== What to work on ==
Within the entries below, please retype exactly the lines starting with the line that has "VAN WAS THE" and going on through the line that has "Great ambition is", but not the pictures.

== Data for analysis ==
────

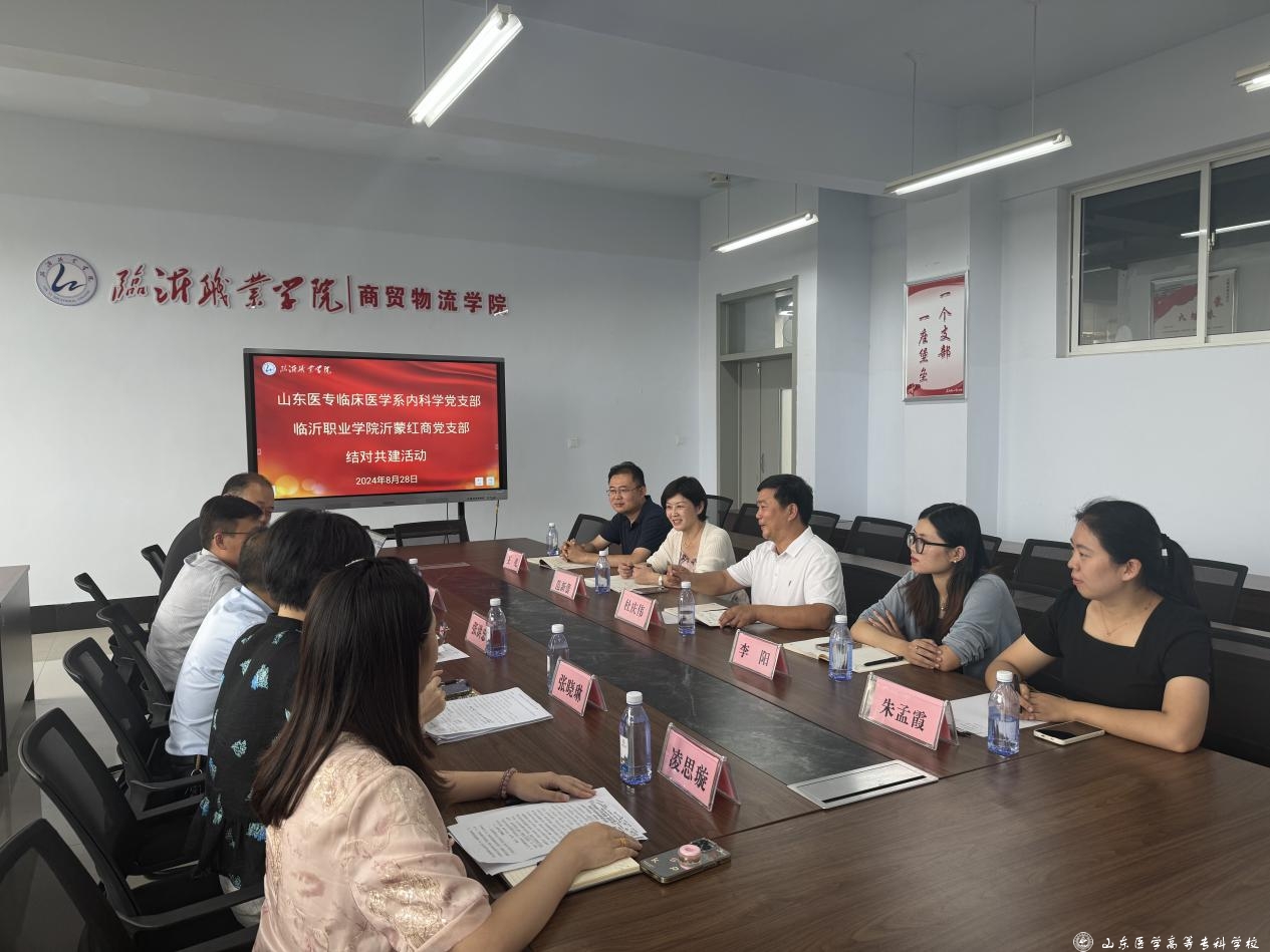 座谈会上,商贸物流学院党总支书记张洪忠介绍了学院党建发展基本情况,沂蒙红商党支部书记孟琦分享了样板支部申报与创建经验及党建特色,学生党支部书记张晓琳分享标杆系部的建设经验,财智先锋党支部书记顾长青介绍了近年学院党建发展历程。双方就党建工作样板支部申报与建设、党建工作示范引领作用发挥、党建与事业发展深度融合等进行探讨。座谈后,临床医学系内科学党支部与临沂职业学院沂蒙红商党支部开展了结对共建活动,先后参观了京东产业学院、万声实训中心、物流实训中心等实训场所。
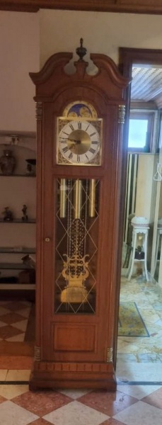 • Urgos - Relógio Carrilhão de chão, caixa em madeira clara, porta central com cristal bisotado, colunas laterais frisadas com guarnições em metal dourado, parte superior recortada com acabamento na forma de pinha em metal, parte interna com mostrador em metal com algarismos romanos, parte superior com fase da lua, pesos e pêndulos em metal dourado, base recortada med. 217x59x28 cm (parte superior da porta com pequenos desgastes na placagem - relógio funcionando no momento sem garantia futura). Este lote não encontra-se no local do leilão, retirada com agendamento prévio em um condomínio na Barra.
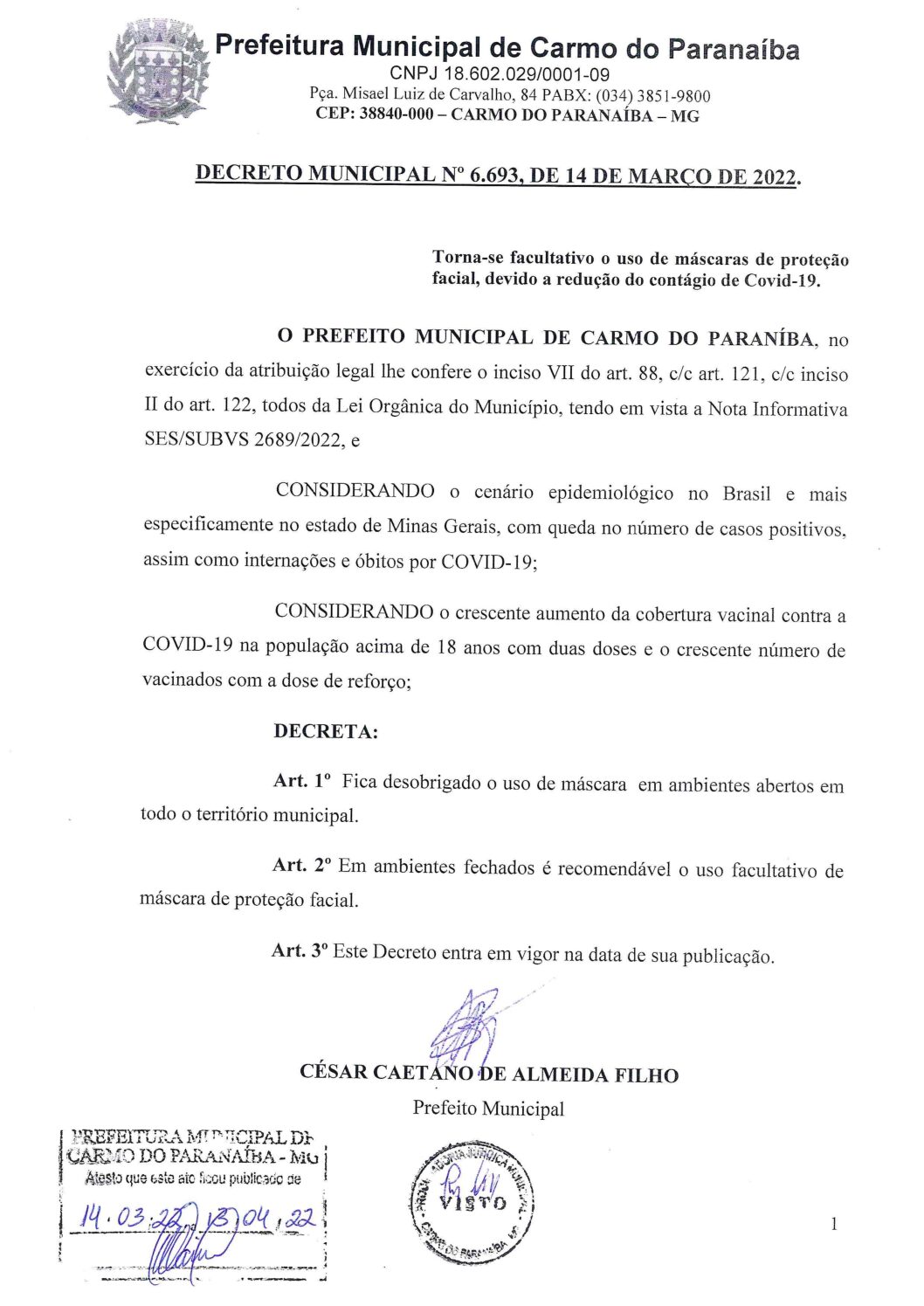 O prefeito de Carmo do Paranaíba, César Caetano, assinou hoje (14), um Decreto Municipal que exclui a obrigatoriedade do uso de máscara em locais abertos no município.
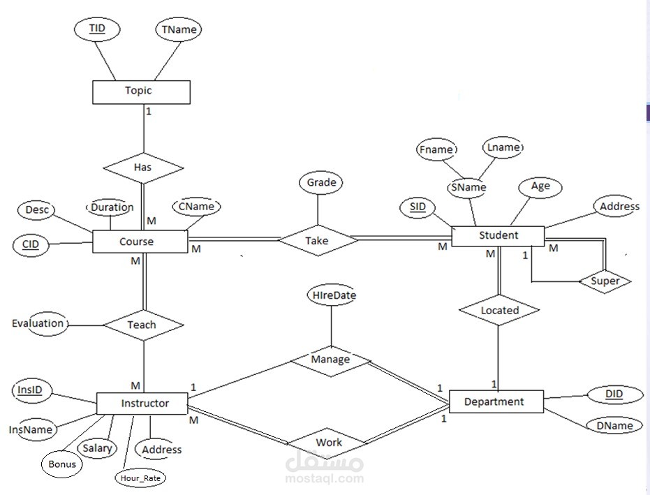 تصميم مخطط E-R Diagram وتحويله إلى Relational Schema.
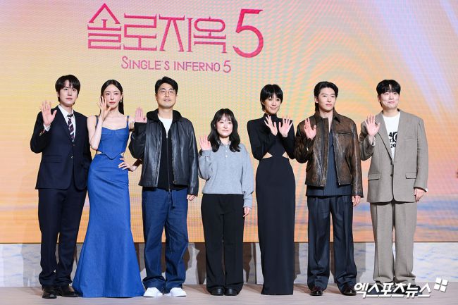 14일 오전 서울 마포구 호텔 나루 서울 엠갤러리에서 넷플릭스 '솔로지옥 5' 제작발표회가 열렸다. 가수 규현, 배우 이다희, 김재원, 박수지 PD, 방송인 홍진경, 덱스, 한해가 포토타임을 갖고 있다. 고아라 기자 iknow@xportsnews.com
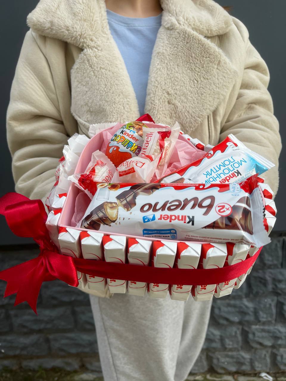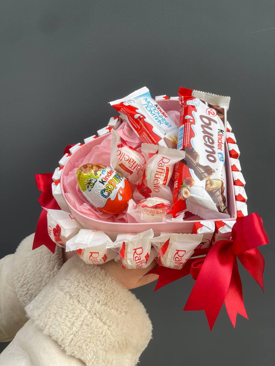 шоколад Merci- 25шт., конфеты Ferrero- 10шт., коробка сердце.
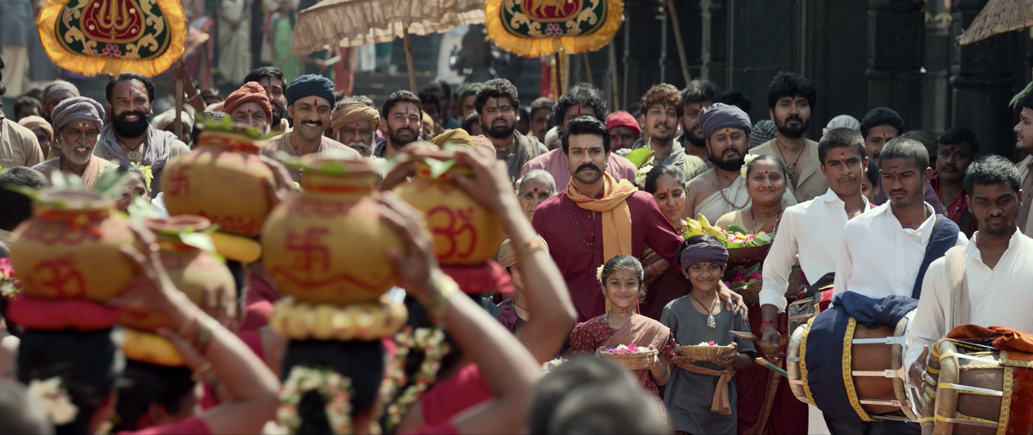 Against the heightening tension between the temple and Basava’s thugs, a stranger arrives in town and sets up a carpenter business in Dharmasthali. Acharya (Chiranjeevi) at first seems to be a do-gooder who sets out to help the people affected by Basava’s greed, but it becomes clear that there is a deeper reason for his involvement. The second half reveals the story of Siddha (Ram Charan) and why Acharya is working to save the people of Padaghattam and Dharmasthali.
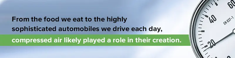 Many other industries, including energy exploration, food and beverage packaging and dry cleaning also depend on the advancements of today’s versatile compressed air systems. From the food we eat to the highly sophisticated automobiles we drive each day, compressed air likely played a role in their creation.
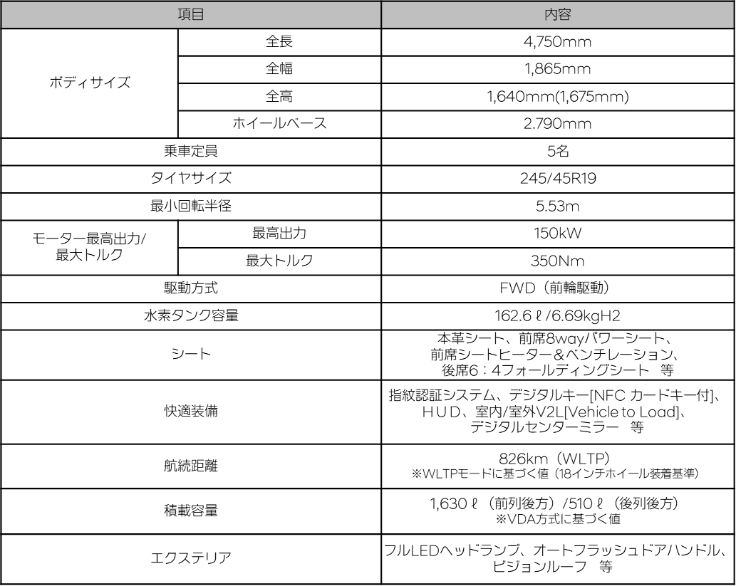 水素燃料電池スタック(FCスタック)の最高総出力は従来比16%増の110kW、新型電気モーターは最大150kWの出力を発揮。さらに、水素タンク容量は先代モデルの6.33kgから6.69kgへと増加し、燃料貯蔵密度の向上とともに充填頻度の低減を両立。航続距離は、WLTP基準で最大826kmを達成し、日常使いから長距離移動まで、より自由で快適なモビリティ体験を提供します。
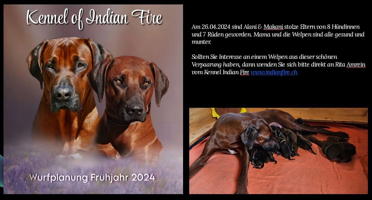 Sollten Sie Interesse an einem Welpen aus dieser schönen Verpaarung haben, dann wenden Sie sich bitte direkt an Rita Amrein vom Kennel Indian Fire www.indianfire.ch
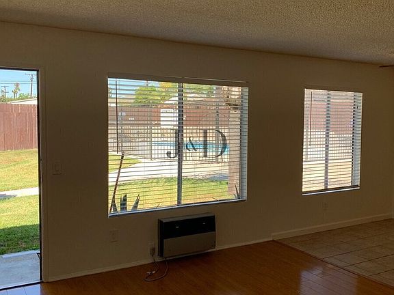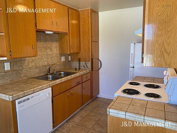 This unit features laminate flooring in the large living area and ceramic tile in the dining room, kitchen, and bathroom. Custom vinyl window coverings are installed throughout. The modern kitchen includes all-white appliances: a stove-oven, refrigerator, and dishwasher. The unit also has A/C, abundant natural light, spacious cabinets, and custom ceramic tile countertops.The spacious, carpeted bedrooms have generous closets and access to a private, fenced patio.
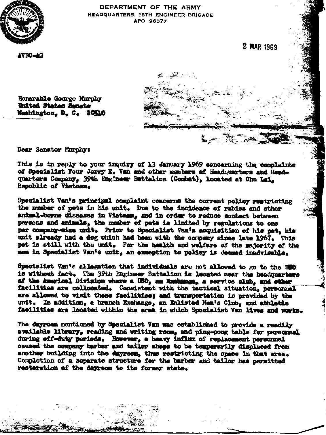 VAN WAS THE GUY WHO ALWAYS HELPED OUT SOMEONE WHO WAS HAVING PROBLEMS. ONE TIME HE TOOK GUARD DUTY FOR SOMEONE WHO HAD TO GO TO AMERICAL TO COMMUNCATE WITH HIS FAMILY IN THE STATES. THESE LETTERS WERE THE REPLY TO HIS LETTER TO SEN. MURPHY. HE SENT THEM TO ME AFTER I
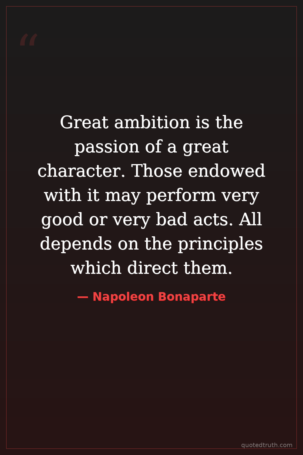Great ambition is the passion of a great character. Those endowed with it may perform very good or very bad acts. All depends on the principles which direct them.
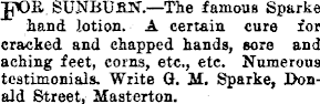 JpOR SUNBURN. —The famous Sparke hand lotion. A certain cure for cracked and chapped hands, sore and aching feet, corns, etc., ete. Numerous testimonials. Write G. M. Sparke, Donald Street, Masterton.
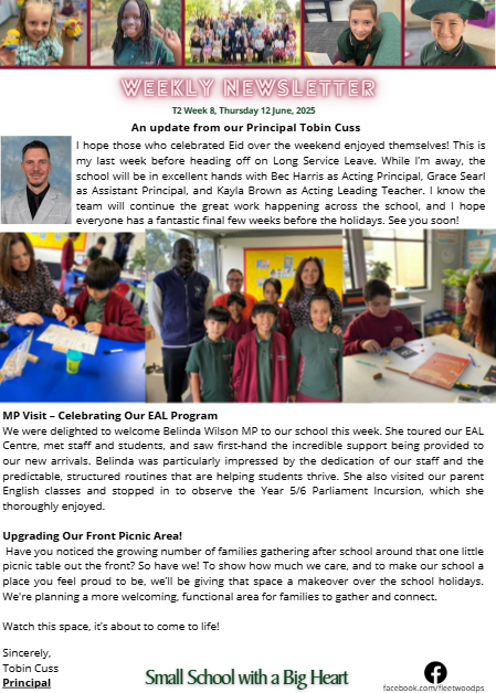 Parents are encouraged to follow the Fleetwood Primary School Facebook page. This page, in addition to Compass, communicates important information to parents and posts photos of the everyday goings-on at school.
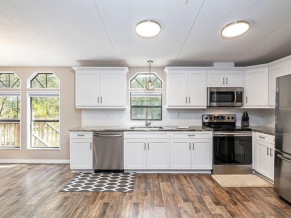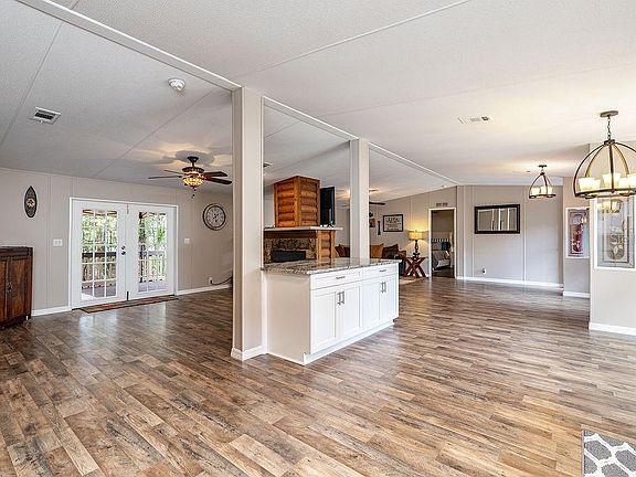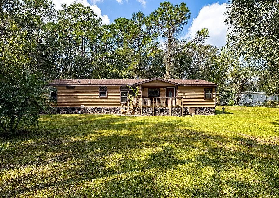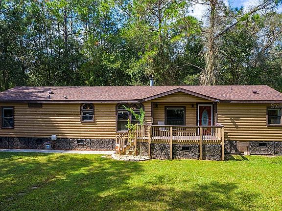 Turn-Key move-in ready 2005 double wide on an incredibly private country (171x306) 1.20-acre lot. NEW 30 year Dimensional Shingle Roof offering wind mitigation credits for lower Buyer homeowners insurance (2020). NEW Energy Efficient 4 Ton 14 SEER AC offering a 10-year warranty(2020). Open floor plan with lots of windows and transom windows which offer great natural light. 3 bedrooms 2 full baths, formal dining room, breakfast island (tons of storage) & family room. Real wood-burning double-sided fireplace. Beautiful Chef's kitchen featuring 42" custom crafted white mahogany cabinetry with crown moldings, soft close drawers and doors with extra pantry storage, Cashmere White granite countertops with a polished beveled edge, Stainless Sink with Upgraded Faucet, Samsung Stainless Steel appliance package & highlighted by 4-inch white subway tile backsplash. Honey Oak scratch-resistant vinyl plank and laminate flooring throughout the entire home (no carpet). The spacious sized 2nd and 3rd bedrooms share a bath with a new vanity with Stone Counter Top. Master suite w/HUGE closet, master bath offers a dual vanity and spacious garden tub with separate shower. Double French doors through the master lead outdoors to the covered screened porch(9'10"x30). Brand New Culligan Water Softener (2020). Septic system just serviced. Spacious interior Laundry Room.1 Car Canvas Garage. NO HOA or CDD. Excellent North Lakeland location with easy access to I-4.
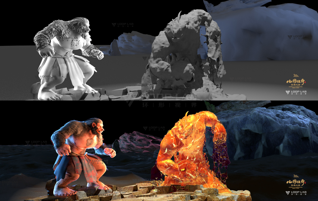 窮奇、夫諸、鸞鳥、玄龜各種神怪異獸,陸離世界在熒光的照射下,顯得栩栩如生;重、黎二神舉天撐地,形成我們所熟知的天地世界……
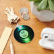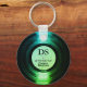 The image of a green vinyl record with custom name and initial, with editable words 'let the music play'
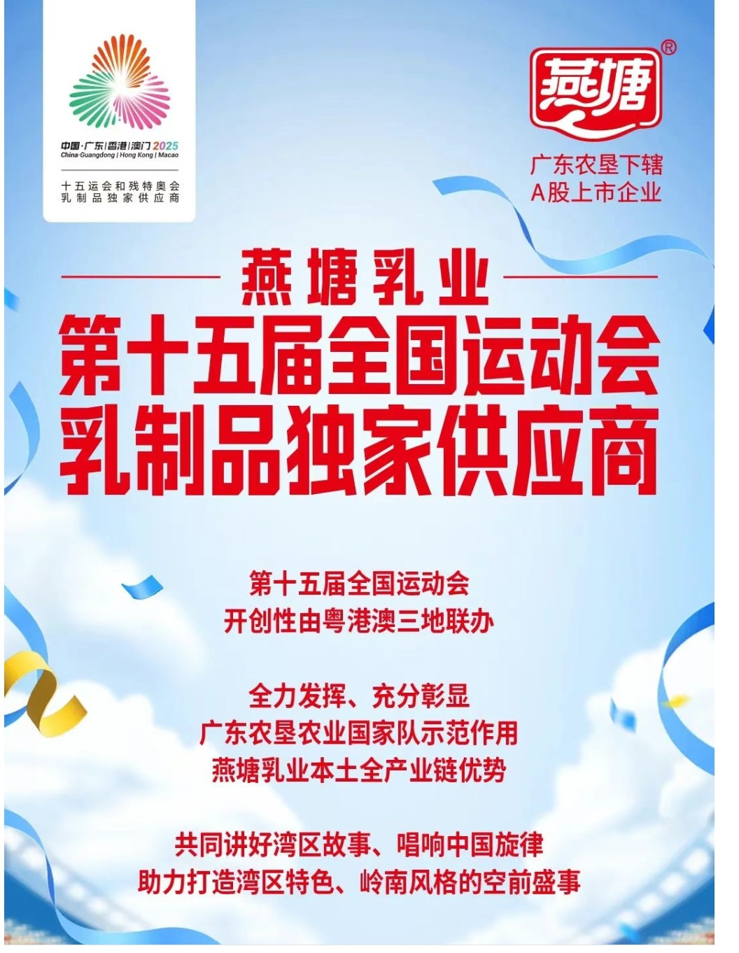 $多氟多(SZ002407)$ $燕塘乳业(SZ002732)$ 燕塘乳业全运会独家供应商
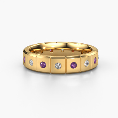 Wanneer je echt op zoek bent naar een gouden exclusieve, exclusieve huwelijksring met een prachtige uitstraling, dan is deze huwelijksring een absoluut mooie keuze. Juist doordat deze naar jouw stijl aangepast kan worden, kun je van deze huwelijksring een unieke, exclusieve huwelijksring maken. In deze exclusieve huwelijksring voor dames smelten ambachtelijk vakmanschap, liefde en passie samen met de modernste technieken. In deze exclusieve WH2055L15DP huwelijksring is amethist 2 mm geplaatst, hij is ±5 mm breed en heeft een glimmende afwerking. Goud is hét symbool van de liefde, en daarom verwerkt onze goudsmid dit graag in een exclusieve huwelijksring voor jou. Wij zijn aangesloten bij de Responsible Jewellery Council. Dit betekent dat wij werken met eerlijk gewonnen goud, iets waar we uiteraard trots op zijn. Het is trouwens ook mogelijk om je eigen goud te laten verwerken in jouw huwelijksring. Doordat alle sieraden door onze goudsmid met de hand in ons atelier wordt gemaakt, kunnen wij jou deze optie aanbieden. Hierdoor heb jij de gelegenheid om jouw ring nog persoonlijker te maken, een ring met een verhaal!Heb je nog meer wensen voor je huwelijksring? Bijvoorbeeld een smallere of breder ring? Of juist een glimmende of matte ring? Er zijn nog talloze variaties mogelijk. Deze kun je altijd bespreken met onze sieradenontwerpers. Ook als je zelf een bepaald design in je hoofd hebt, helpen onze designers je graag verder om jouw huwelijksringen uit te tekenen totdat deze helemaal naar jouw smaak is samengesteld. Neem gerust contact met ons op!Huwelijksringen worden pas vervaardigd als deze besteld worden. Het grote voordeel hiervan is dat wij geen dure voorraden hebben, en dat zie je terug in de prijs. Ook worden alle huwelijksringen in ons eigen atelier gemaakt door onze eigen goudsmeden, en kunnen we je hierdoor een beste prijsgarantie geven, voor een ring in vertrouwde juwelierskwaliteit.Om het voor jou makkelijker te maken kun je ieder besteld sieraad binnen 30 dagen na aflevering eenvoudig weer retour sturen.
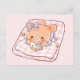 Carte Postale Mignon ours lisant des mangas Shojo sur un lit con

────

== Worked solution ==
 VAN WAS THE GUY WHO ALWAYS HELPED OUT SOMEONE WHO WAS HAVING PROBLEMS. ONE TIME HE TOOK GUARD DUTY FOR SOMEONE WHO HAD TO GO TO AMERICAL TO COMMUNCATE WITH HIS FAMILY IN THE STATES. THESE LETTERS WERE THE REPLY TO HIS LETTER TO SEN. MURPHY. HE SENT THEM TO ME AFTER I
Great ambition is the passion of a great character. Those endowed with it may perform very good or very bad acts. All depends on the principles which direct them.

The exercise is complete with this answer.